Outbreaks of cholera and dengue fever in war-torn Sudan have left more than 100 people dead since August, the health ministry said on Saturday.


A total of 1,049 cases of cholera, 73 of them fatal, were recorded in Khartoum, Al-Jazira state to its south and Gedaref state to the its west, the ministry said.


Khartoum has been one of the main battlegrounds in the fighting between rival generals that has gripped the country since April.

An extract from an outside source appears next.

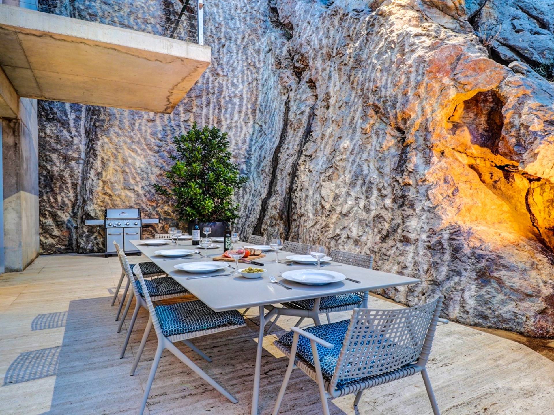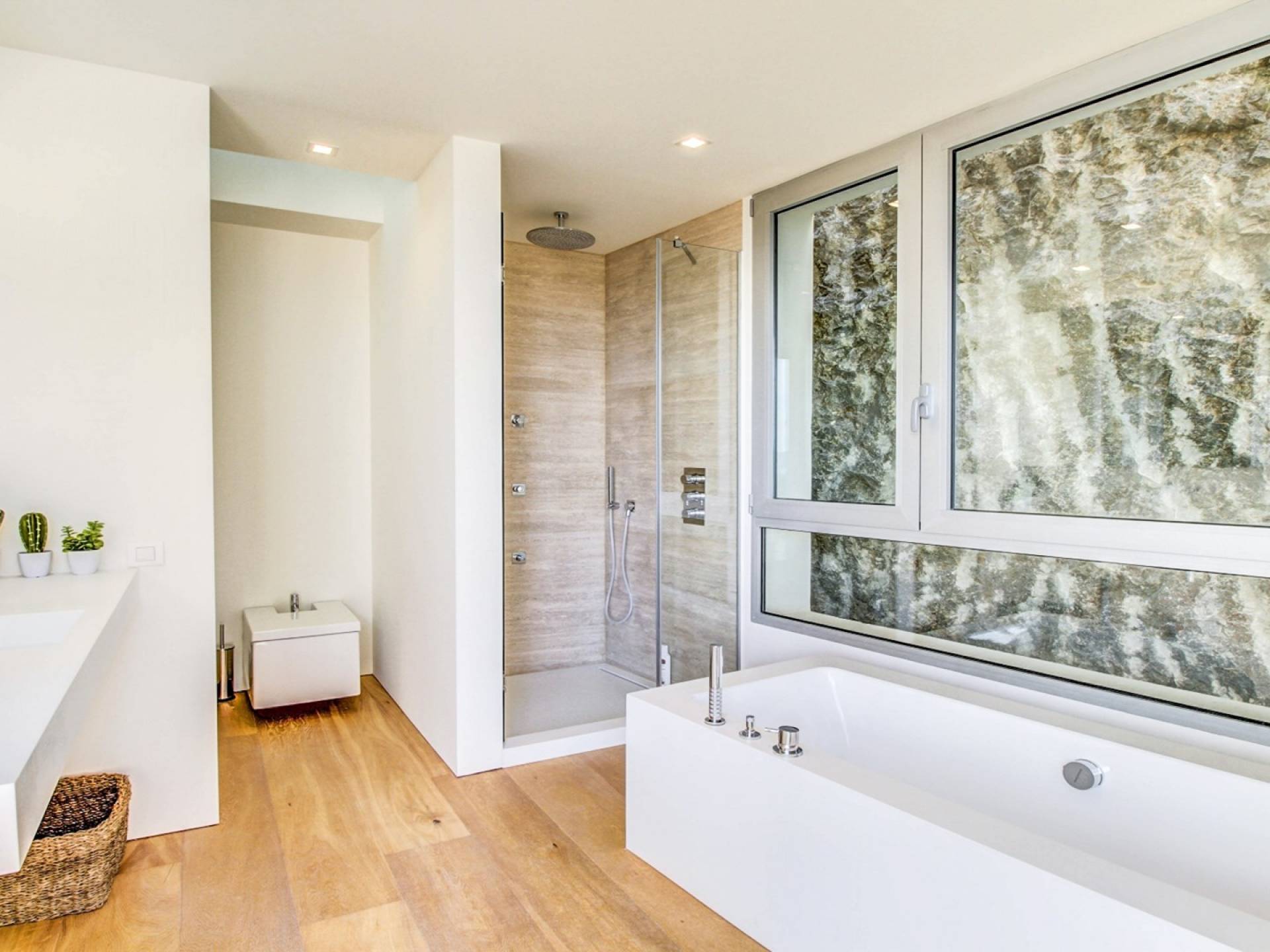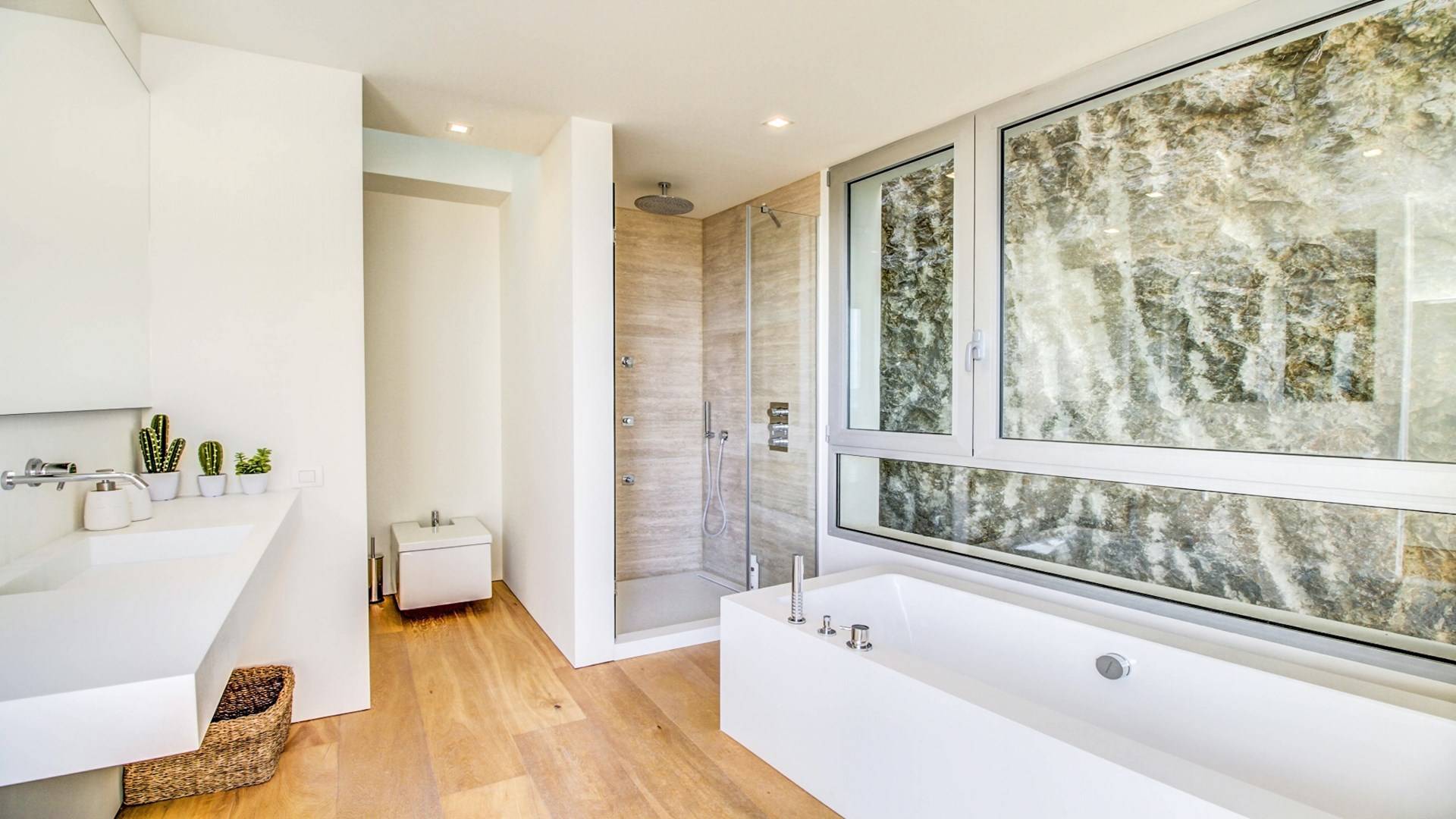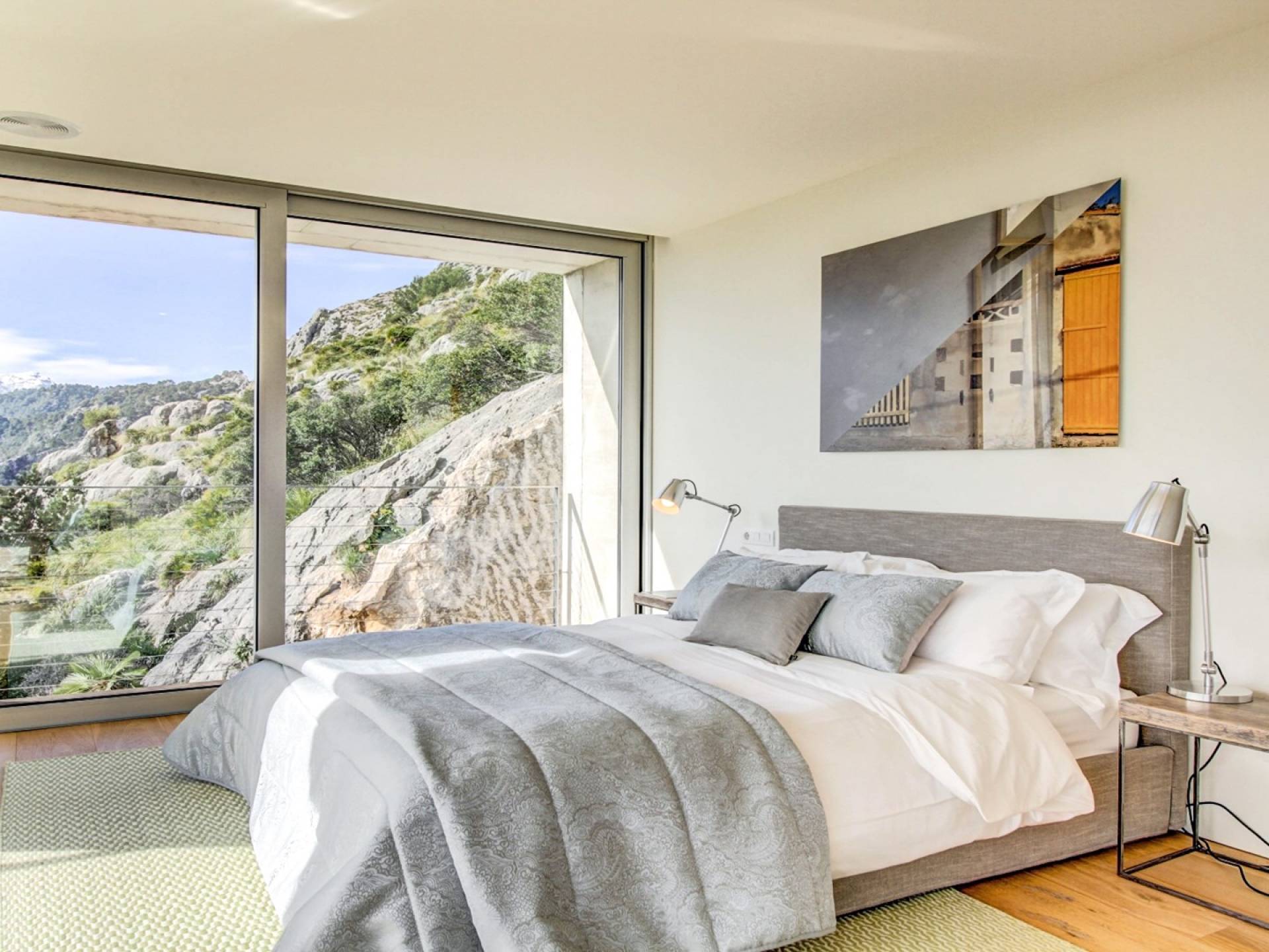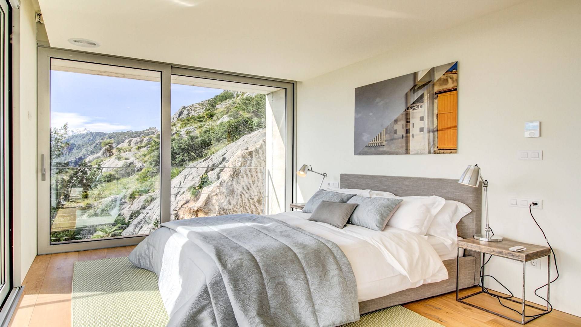 Construida en tres plantas, la villa se completó con los más altos estándares posibles en 2017. Ubicada en La Font, la villa está literalmente tallada en la roca. ¡El garaje solo podría aparecer en una película de James Bond! Villa Corazón de Piedra Mallorca tiene una gran cantidad de luz natural y vistas de 360 grados de las playas cercanas en Cala San Vincente, Puerto Pollensa y la ciudad de Pollensa. Comenzando en el nivel inferior de esta impresionante villa de vacaciones, hay un área de estacionamiento para varios autos.

Hundreds of thousands of residents of greater Khartoum have fled to calmer areas of Gedaref and Al-Jazira, overwhelming the supply of clean water.


Nine Sudanese states have recorded cases of mosquito-borne dengue, with 49 deaths from a total of 3,316 cases, the ministry said.


Gedaref state, which borders Ethiopia, reported 2,152 of the cases and 33 of the deaths.


Even before the fighting broke out in April, Sudan's health care system struggled to contain the disease outbreaks that accompany the country's rainy season which begins in June.


Now—with hospitals bombed, medicines running low and many doctors fleeing the country—the health care system has been pushed to the brink.


The health ministry report said 70 percent of hospitals in war-torn areas are out of service.